I moduli murali e del soffitto del sistema di camere bianche sono collegati tramite un sistema di tenuta senza silicone, che garantisce un'elevata tenuta del ambiente. Grazie alla connessione brevettata, il muro laterale della camera bianca originaria è stato smontato senza danneggiarlo e gli elementi murali e del soffitto esistenti sono stati collegati alla nuova camera bianca. Con l'ausilio di una parete temporanea di protezione dalla polvere, la produzione è continuata senza interruzioni durante i lavori di ampliamento. Sono stati pianificati solo quattro ore di inattività per adattare e testare la pressione e la ventilazione dei due moduli di spazio uniti.

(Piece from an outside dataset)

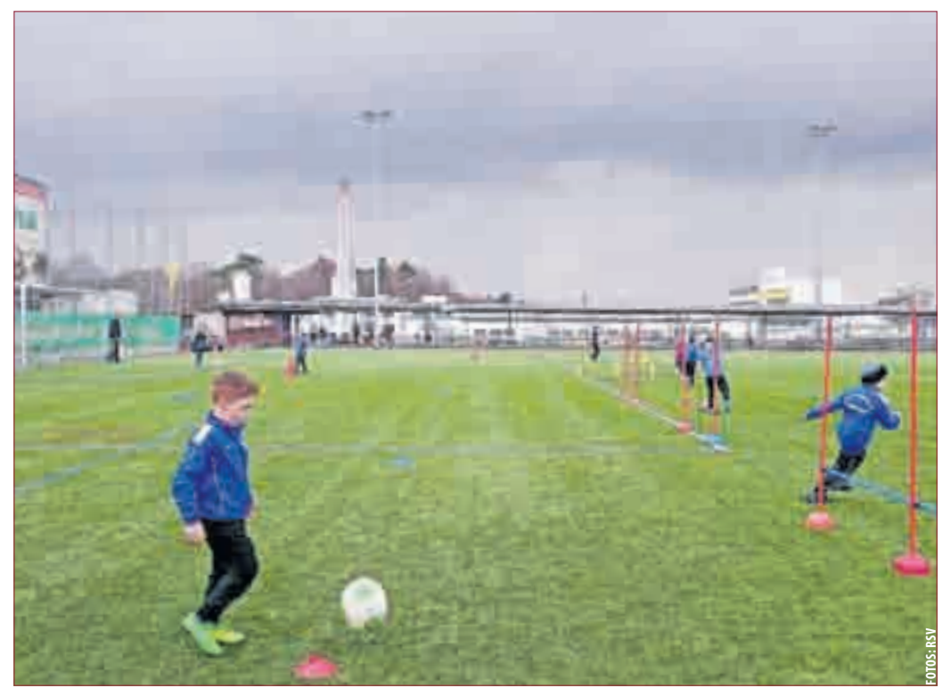
DRINGEND WANTED: Trainerinnen und Trainer oder einfach auch Personen zur Trainingsunterstützung.

Con l'ampliamento della camera bianca, Hamilton ha potuto mettere in funzione altre tre macchine di stampaggio a iniezione per produrre punte per pipetta in modo controllato e senza contaminazioni. Ogni macchina di stampaggio è dotata di una copertura a flusso laminare, che con un apporto regolato di aria pura di classe ISO 5 protegge le aree di produzione aperte da contaminazioni. I pezzi prodotti vengono poi automaticamente raggruppati in tray da 96 pezzi tramite trasportatori di camere bianche e un robot di handling collegato, e introdotti nella camera bianca. All’interno della camera bianca, le punte per pipetta vengono controllate e imballate. Il prodotto finito sigillato viene trasportato in modo sicuro tramite un nuovo sistema di sollevamento automatico e valvole di carico, e può ora raggiungere il cliente finale senza rischi.
Una caratteristica speciale del sistema di camere bianche è il monitoraggio GMP integrato. La concentrazione di particelle all’interno della camera bianca viene monitorata così come i parametri di pressione, umidità e temperatura. Tutti i valori vengono registrati e documentati costantemente. Il processo controllato, conforme ai rigorosi requisiti GMP, può così essere dimostrato per l’intera durata della produzione.
Georg Schischkin, che come Responsabile Qualità di Hamilton supervisiona la produzione in camera bianca, si dice molto soddisfatto dell’implementazione dell’ampliamento. La tempistica richiesta dall’azienda svizzera di alta tecnologia era molto stretta e la velocità di ristrutturazione di grande importanza. Loda la pianificazione flessibile e rapida di Schilling Engineering, commentando spontaneamente con una sola parola: «Chapeau!»